CHAMPAIGN, ILL. — Following the proposal of the new Pet Food Uniform Regulatory Reform Act of 2024 (PURR Act), the Association of American Feed Control Officials (AAFCO) expressed its concerns over the new act, claiming it would reduce state oversight and authority to review the marketing and labeling of pet foods. The act was introduced to the House on Feb. 15.

The PURR Act, advocated by the Pet Food Institute, aims to modernize and streamline the current approach of how pet foods and treats are regulated. Under this new act, regulatory oversight would move from a state-by-state basis to a federal level provided by the US Food and Drug Administration (FDA). It would prohibit state governments from establishing, maintaining, implementing and enforcing any regulations related to marketing and labeling of pet food.

AAFCO is concerned that the act could reduce label transparency, have negative impacts for consumer protection, and threaten the safe advancements of pet food products.

“State feed programs are the first line of defense protecting consumers from misleading or mislabeled pet food products,” said Austin Therrell, executive director of AAFCO. “Today, many state regulators proactively inspect pet food labeling before products hit the market to ensure that any marketing claims on the label or packaging are accurate and have the necessary scientific data to validate the statements. Under the new PURR Act, this important layer of consumer protection would completely go away.”

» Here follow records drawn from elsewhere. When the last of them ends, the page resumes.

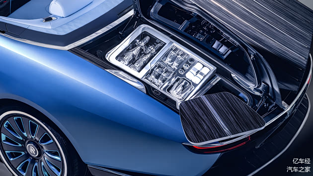 “浮影”尾部的“待客套件”内部装置复杂,需要配置特殊的电子设备。车尾甲板可通过按键操作,其在开启时角度必须为15度,在关闭时使用的上锁系统也必须保证高度安全。同时,“待客套件”内也具备控温功能。因此,劳斯莱斯汽车在历经9个月紧锣密鼓的研发之后,为汽车尾部专门打造了5个电子控制单元,其中还包括全新设计及专用线束。
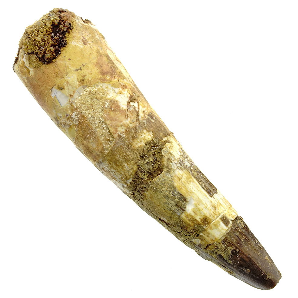Nice tooth of the largest land predator that ever lived. The spinosaurus could reach a length of 15 meters! That is 3 meters longer than the T-rex. Recent research has shown that the Spinosaurus was also an excellent swimmer, which would also explain the huge ridge on the back of the animal.
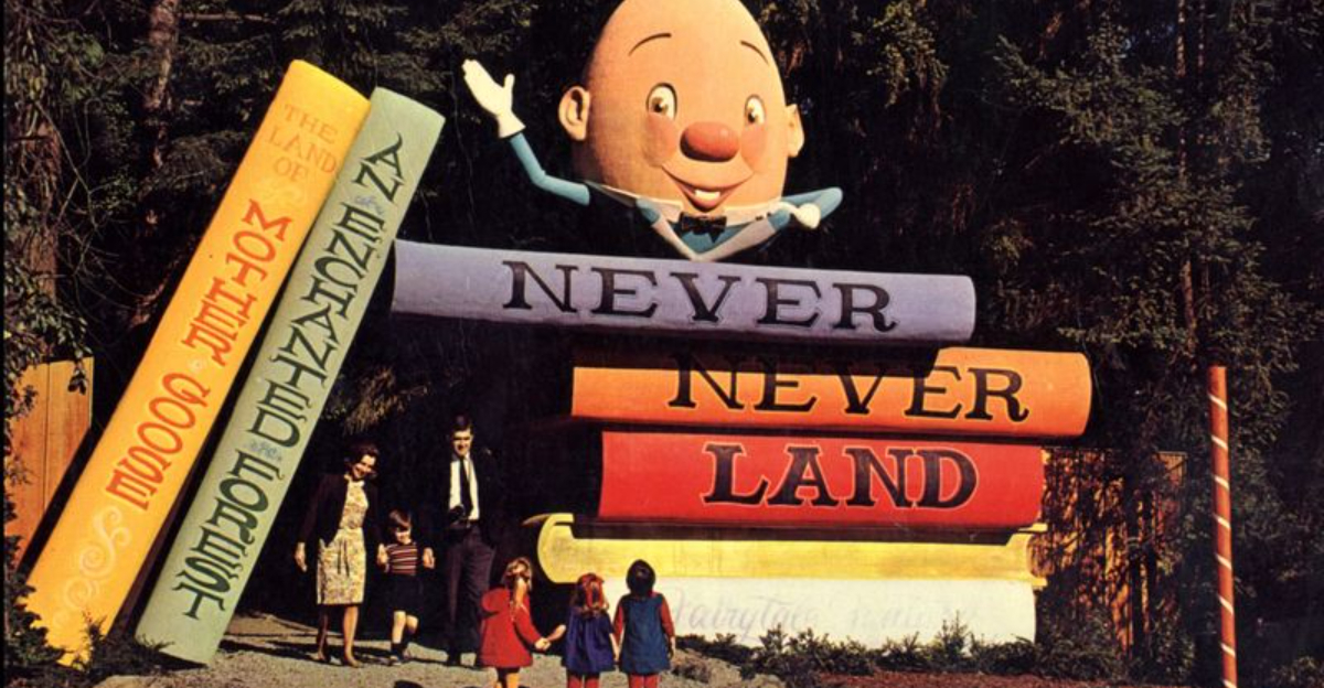 Never Never Land once stood as a beacon of childhood fantasies in Tacoma. Here, characters from beloved fairy tales seemed to leap from pages into reality. The park’s sculptures, crafted with whimsy, dotted the forest paths, inviting young minds to explore.

According to AAFCO, most state feed programs that regulate pet foods in the United States support the FDA by providing the agency with premarket reviews of labels to ensure that marketing claims are backed by data and are not false or misleading to consumers. However, under the PURR act, manufacturers would be able to distribute pet food products “self-proclaimed” as safe without any ingredients or nutritional statements being verified at the state level prior to the product hitting the consumer market.

Additionally, AAFCO also expressed its concerns over the “ingredients sometimes present” language included in the PURR act, which claims that manufacturers may use the phrases “and/or,” “contains one or more of the following,” and others on packaging that indicate an ingredient may not actually be present in the formula. According to AAFCO, this would enable pet food manufacturers to change or omit ingredients without notifying consumers.

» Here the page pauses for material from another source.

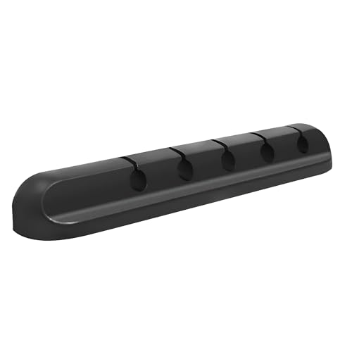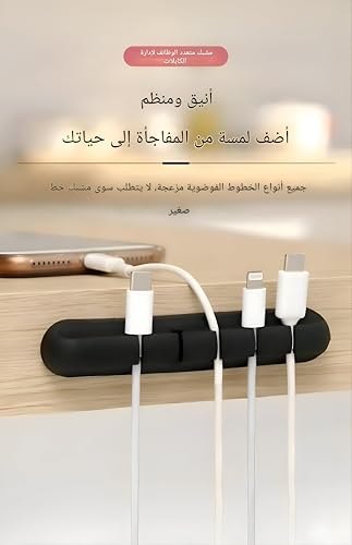 Generic - منظم أسلاك سيليكون أسود بتصميم لاصق قوي مع 5 فتحات لتنظيم كابلات الشحن وسماعات الرأس وأسلاك الكهرباء بشكل نظيف
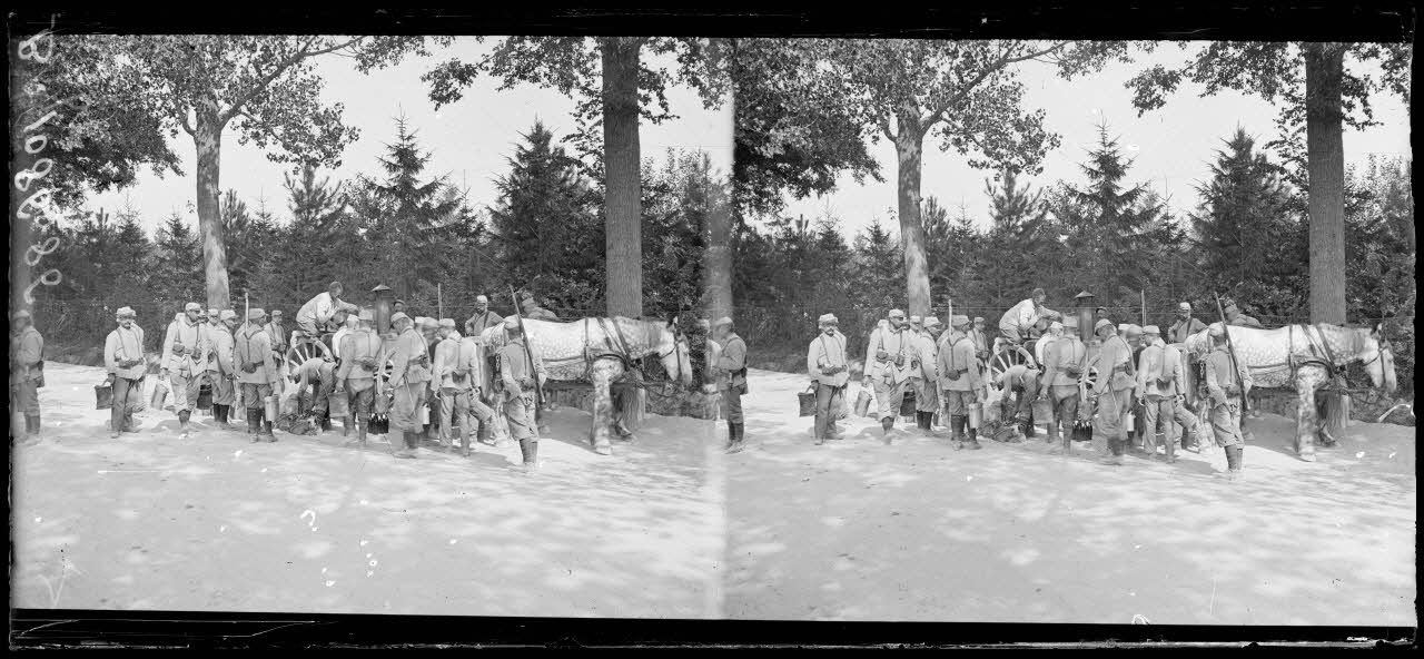 Butte de tir près de Reims. Distribution de la soupe aux corvées qui vont ensuite par les boyaux la porter aux hommes dans les tranchées. [légende d’origine]

“Many consumers purchase pet foods and treats based on the dietary needs or allergen requirements of their pets,” Therrell said. “Lack of transparency would leave consumers unable to know for certain which ingredients their pets may or may not be consuming, leading to potential health risks.”

With all this in mind, AAFCO believes that state governments should continue to work in partnership with the FDA under a national integrated food system, which would continue to allow the agency to tap the expertise and resources of state feed programs. This current system, according to AAFCO, helps strengthen pet food safety inspections and protects consumers from unsafe and fraudulent products, as well as misleading advertising and labeling practices.

“While there are certainly opportunities to improve efficiency and bring more innovation to the marketplace, it must be done in a safe and transparent manner,” Therrell concluded. “Engaging states and those intimately involved in the day-to-day oversight of pet food products is imperative to truly creating a modernized regulatory system.”